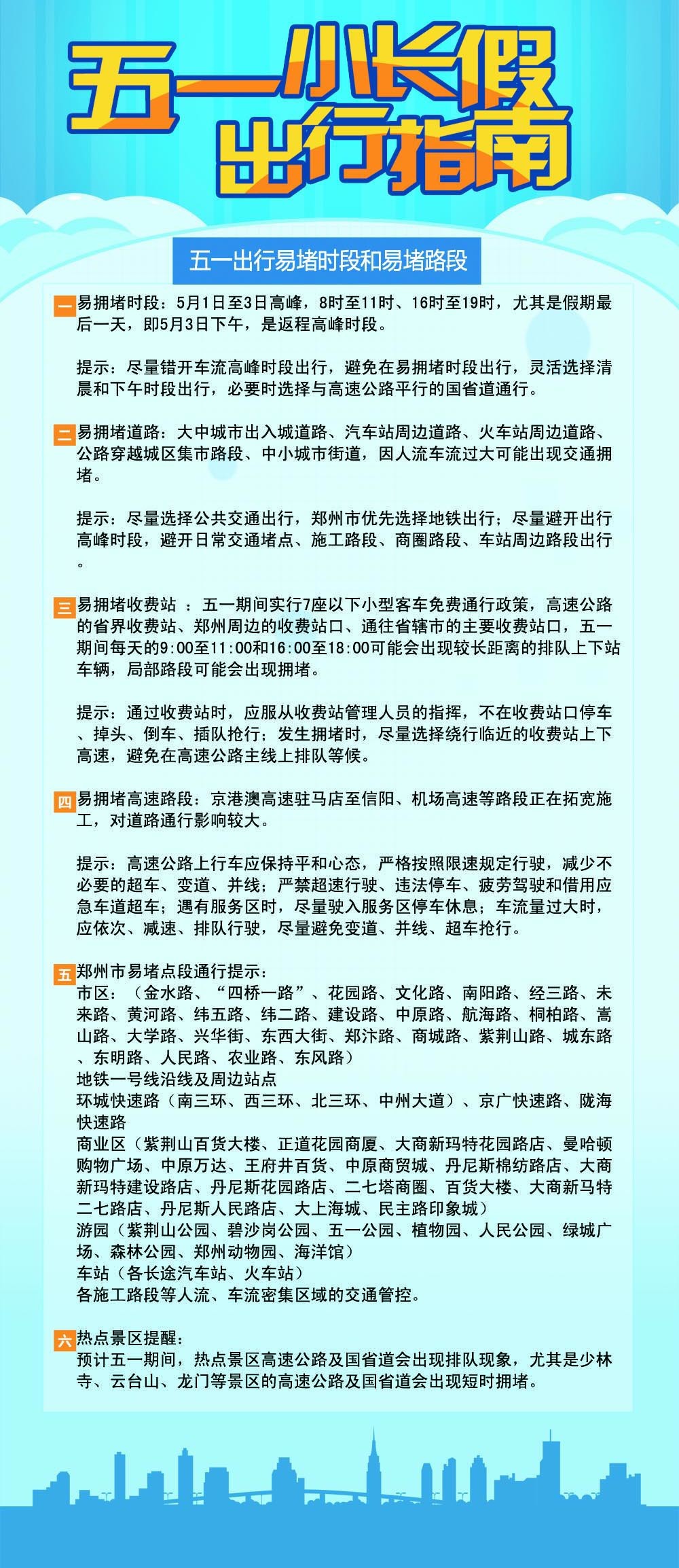 鄭州周邊20個(gè)收費(fèi)站中,受五一假期旅游出行影響,京港澳高速航海東路站、機(jī)場(chǎng)高速鄭州機(jī)場(chǎng)收費(fèi)站(中州第一門)、連霍高速柳林站文化路站及惠濟(jì)站、繞城高速侯寨站及十八里河站、鄭少高速西南站車流量非常大,易擁堵排隊(duì),可根據(jù)通行情況提前繞行新開通的連霍高速東三環(huán)北站、京港澳高速南三環(huán)站、繞城高速隴海西路站,也可繞行京港澳高速鄭東新區(qū)站、繞城高速豫龍站櫻桃溝站科學(xué)大道站和中原西路站。
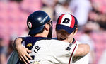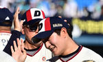 [OSEN=잠실, 지형준 기자] 25일 서울 잠실구장에서 2025 신한 SOL Bank KBO리그 두산 베어스와 NC 다이노스의 경기가 열렸다.이날 두산이 5-3 승리를 거두며 NC에 시즌 첫 승을 거뒀다.경기를 마치고 두산 김기연, 김택연이 승리를 기뻐하
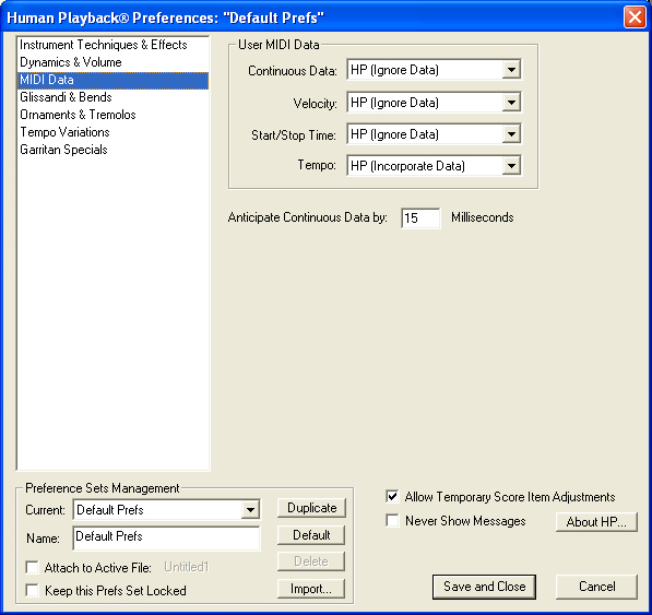 All four of these settings apply to any MIDI data added to the score. For example, the Continuous Data setting applies to all continuous data, whether defined with an expression, or the MIDI Tool.
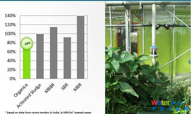吳大偉先生表示,奧尼卡是1998年在歐洲成立的一家污水技術(shù)處理公司,主要致力于用生物膜法處理市政污水,技術(shù)由過去的FBR(無人造根系)升級到目前的FCR(有人造根系),是一種固定床生物膜法,比傳統(tǒng)活性污泥法占地小一半以上,運(yùn)行成本低10%以上,污泥減量25%以上,是一種環(huán)境友好的花園式污水處理廠。
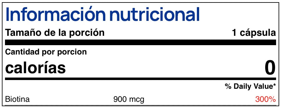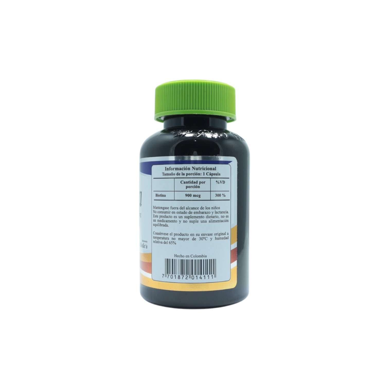 Biotina 900 mcg es un suplemento ideal para quienes buscan fortalecer su cabello y uñas. Contribuye a reducir la caída del cabello y nutre los folículos, lo que permite un crecimiento capilar más fuerte y voluminoso. Además, estimula la producción de queratina, favoreciendo la salud de las uñas y ayudando a evitar que se quiebren o descamen. También apoya la regeneración de la piel, promoviendo una apariencia radiante y saludable.
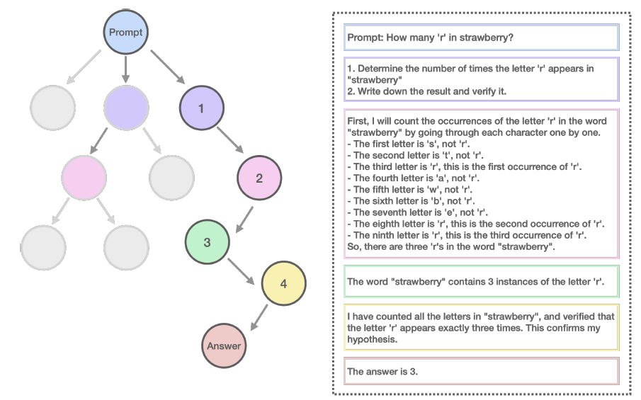 そこで、Chain-of-Thoughtファインチューニング、モンテカルロ木探索、リフレクションメカニズムといった高度な技術を組み合わせることでモデルの開発が進められました。詳細は後述します。
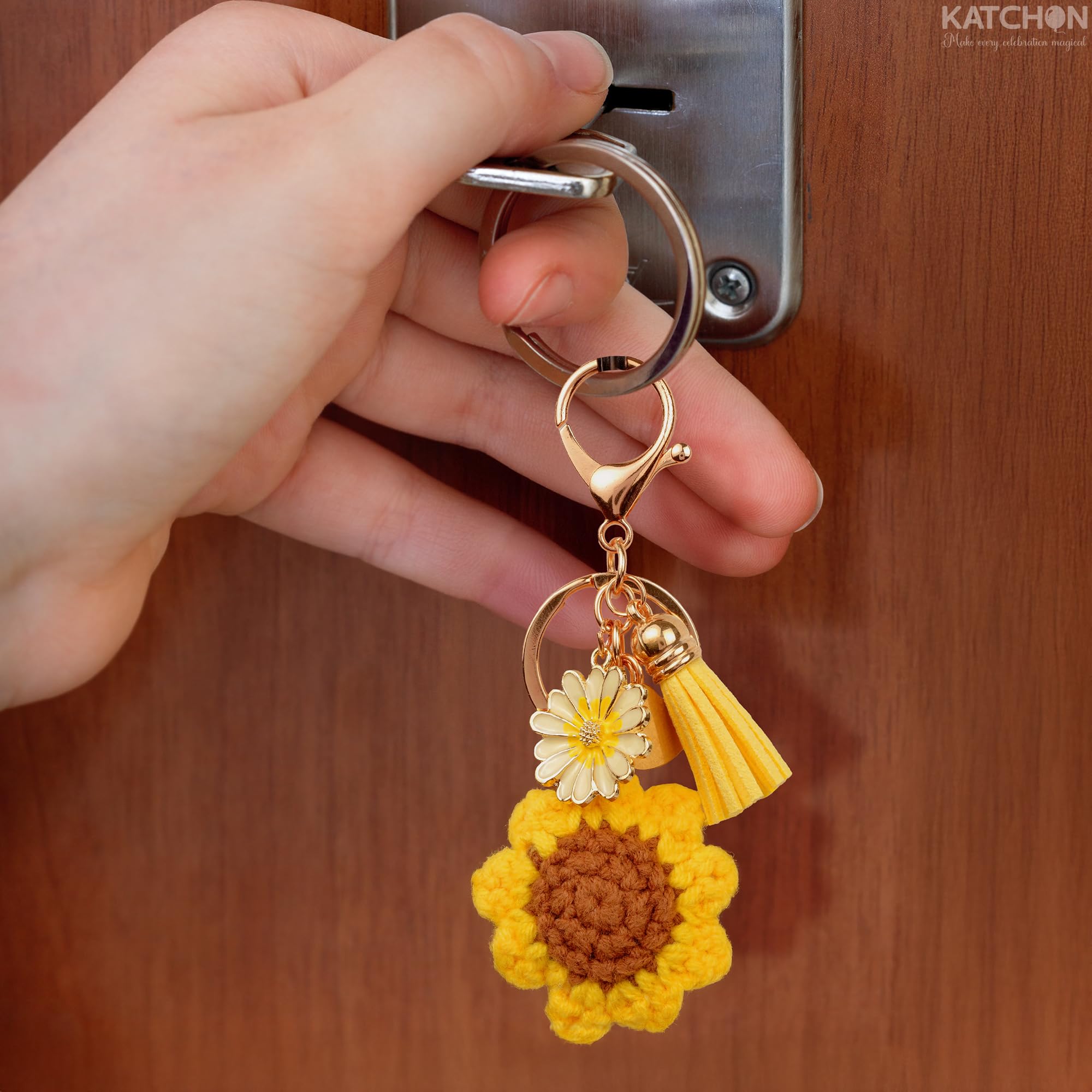 This sunflower keychain includes a handcrafted crochet sunflower, a detailed daisy charm, a cheerful yellow tassel, and a strong gold-tone lobster clasp that attaches easily to any item. Whether you're looking for a cute keychain for your purse or a keychain charm for your wallet or car keys, this piece delivers style and versatility.

· · · · · · ·

Task details: Restate word for word only the lines from where the entries begin through the one with "吳大偉先生表示,奧尼卡是19"; omit the pictures.

Written reply:
 鄭州周邊20個(gè)收費(fèi)站中,受五一假期旅游出行影響,京港澳高速航海東路站、機(jī)場(chǎng)高速鄭州機(jī)場(chǎng)收費(fèi)站(中州第一門)、連霍高速柳林站文化路站及惠濟(jì)站、繞城高速侯寨站及十八里河站、鄭少高速西南站車流量非常大,易擁堵排隊(duì),可根據(jù)通行情況提前繞行新開通的連霍高速東三環(huán)北站、京港澳高速南三環(huán)站、繞城高速隴海西路站,也可繞行京港澳高速鄭東新區(qū)站、繞城高速豫龍站櫻桃溝站科學(xué)大道站和中原西路站。
 [OSEN=잠실, 지형준 기자] 25일 서울 잠실구장에서 2025 신한 SOL Bank KBO리그 두산 베어스와 NC 다이노스의 경기가 열렸다.이날 두산이 5-3 승리를 거두며 NC에 시즌 첫 승을 거뒀다.경기를 마치고 두산 김기연, 김택연이 승리를 기뻐하
 All four of these settings apply to any MIDI data added to the score. For example, the Continuous Data setting applies to all continuous data, whether defined with an expression, or the MIDI Tool.
吳大偉先生表示,奧尼卡是1998年在歐洲成立的一家污水技術(shù)處理公司,主要致力于用生物膜法處理市政污水,技術(shù)由過去的FBR(無人造根系)升級到目前的FCR(有人造根系),是一種固定床生物膜法,比傳統(tǒng)活性污泥法占地小一半以上,運(yùn)行成本低10%以上,污泥減量25%以上,是一種環(huán)境友好的花園式污水處理廠。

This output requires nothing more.